And again this seems to bear no connection with what I was attempting to consider. The idea that someone has 'the perceptions he likes' is as misconceived as AB thinking people choose beliefs. Surely you just have the perceptions you have? You cannot be suggesting one chooses them?

Note, as already covered, this isn't a question of being right and wrong , rather Alan's (and many others) posts seem to describe a reality that I just don't recognise. He seems to perceive consistency, where there is only a maelstrom. Also if my perceptions are that different maybe the communication is fundamentally flawed and the idea that we are talking about the same thing is wrong.

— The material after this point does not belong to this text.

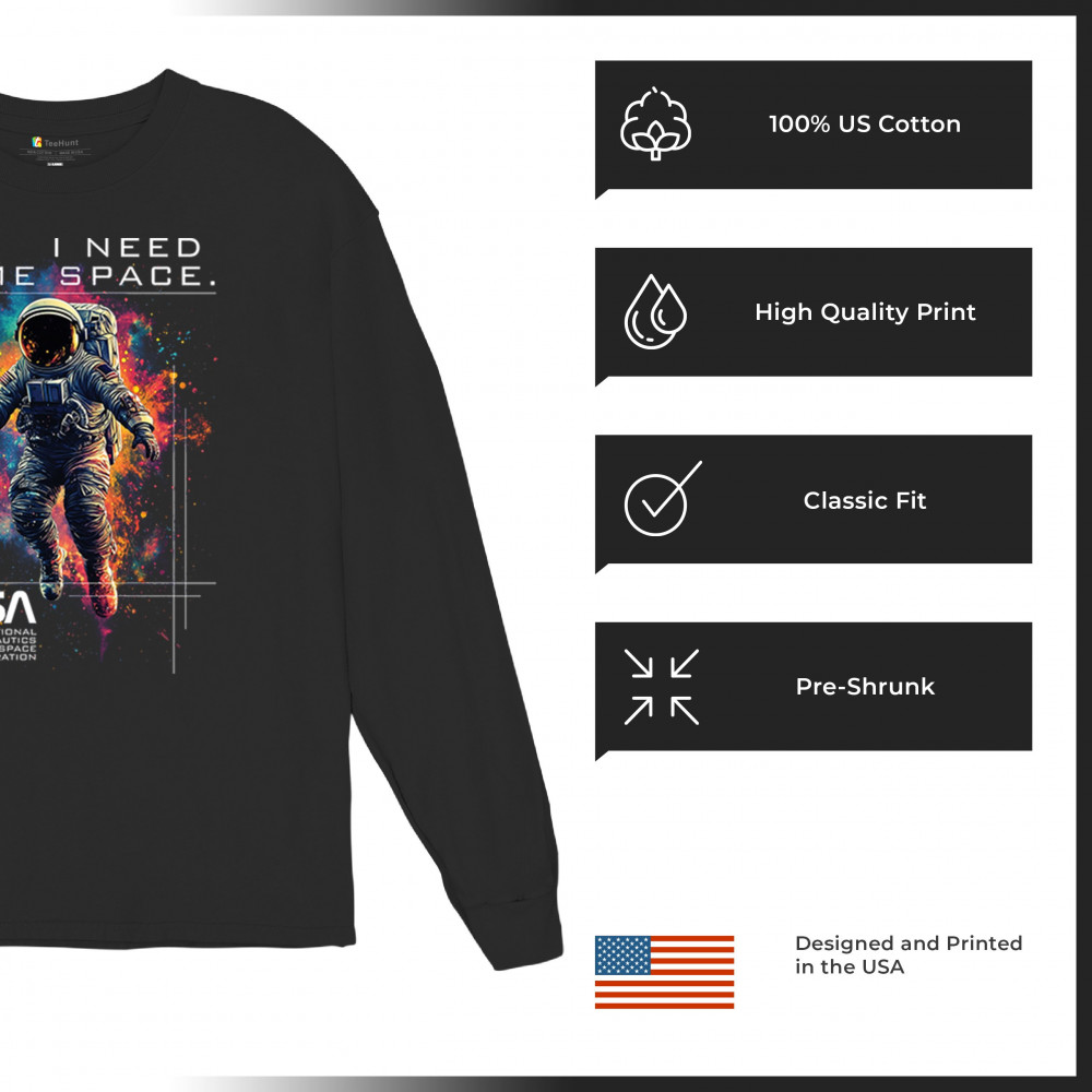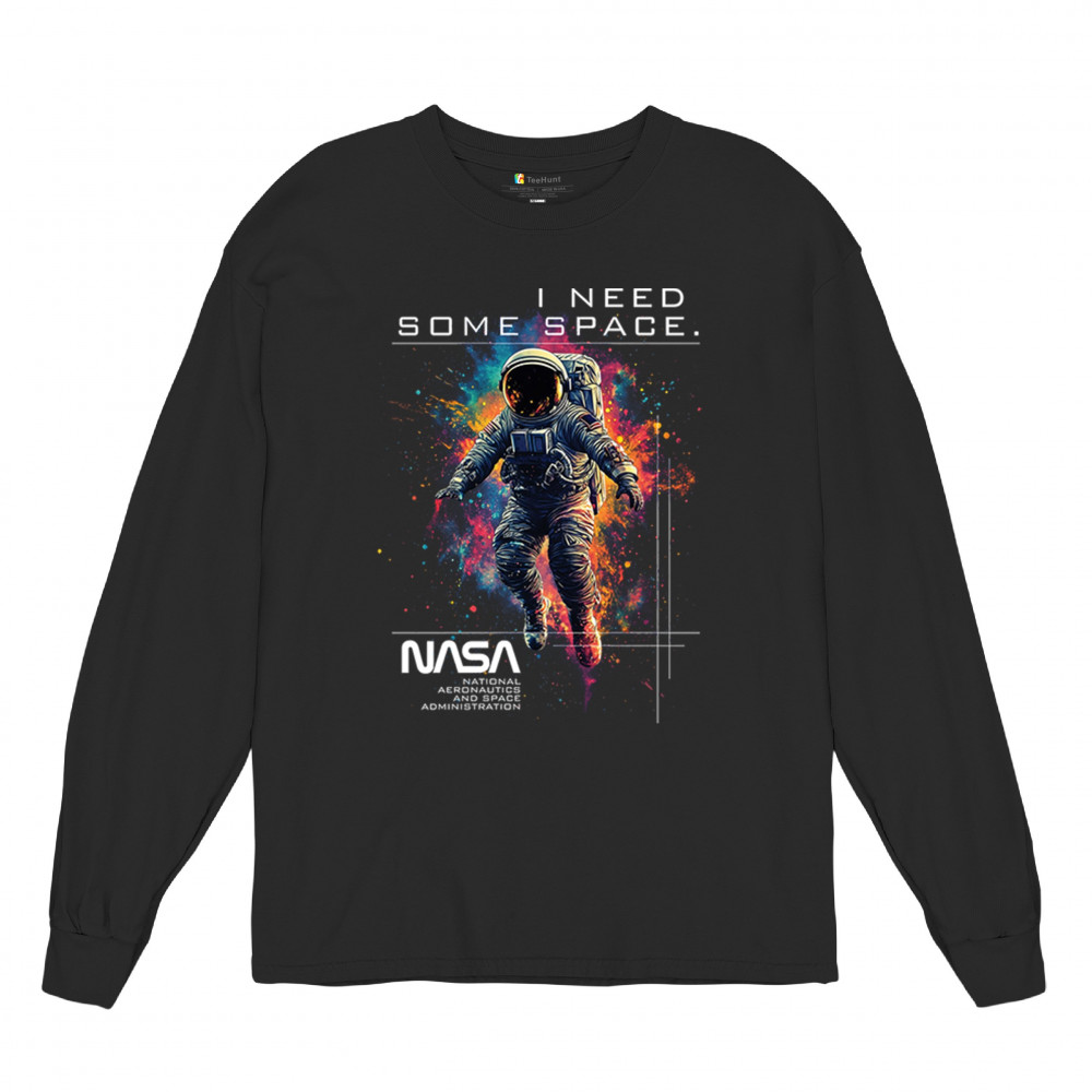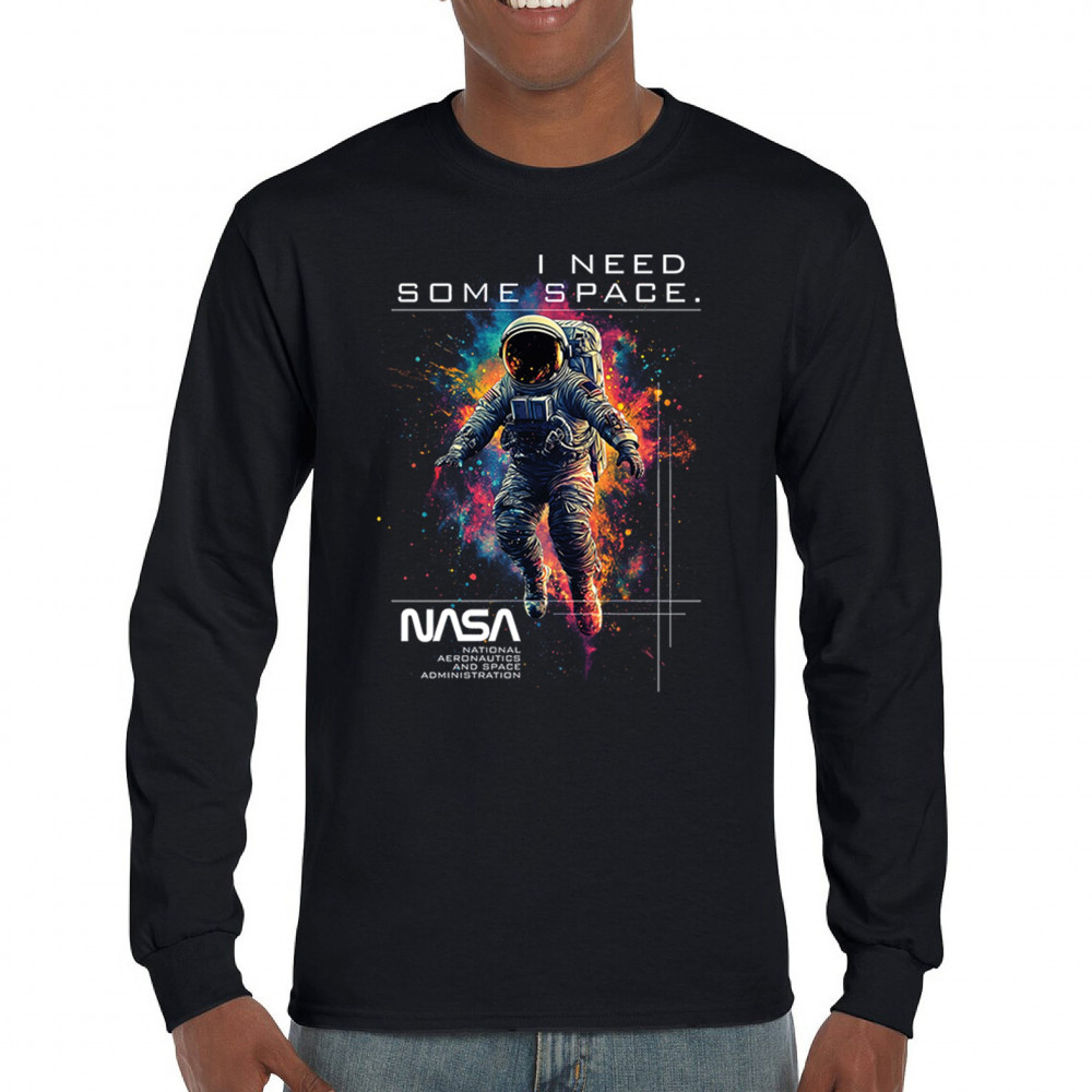 I NEED SOME SPACE NASA long sleeve t-shirt universe astronaut paint splatter black
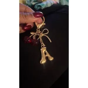 Bubble Initial Keychain Bow Cherry Gold Letter Bag Charm for Women Purse Handbag

I think the talk of different types of perception is misleading.  If you are able to perceive anything at all, it is proof that you have within you a conscious entity of perception.  The problem comes in trying to understand how this entity of perception (you) can be defined in a materialistic way.  It is not just wishful thinking, but logic which leads me to conclude that it is not possible for the state of many discrete material entities (brain cells) to be perceived into one entity of awareness.  The neural network can certainly generate reactions in other material entities, but this is not perception.
The truth will set you free  - John 8:32
Truth is not an abstraction, but a person - Edith Stein
Free will, though it makes evil possible, is also the only thing that makes possible any love or goodness or joy worth having. - CS Lewis
Joy is the Gigantic Secret of Christians - GK Chesterton

bluehillside Retd.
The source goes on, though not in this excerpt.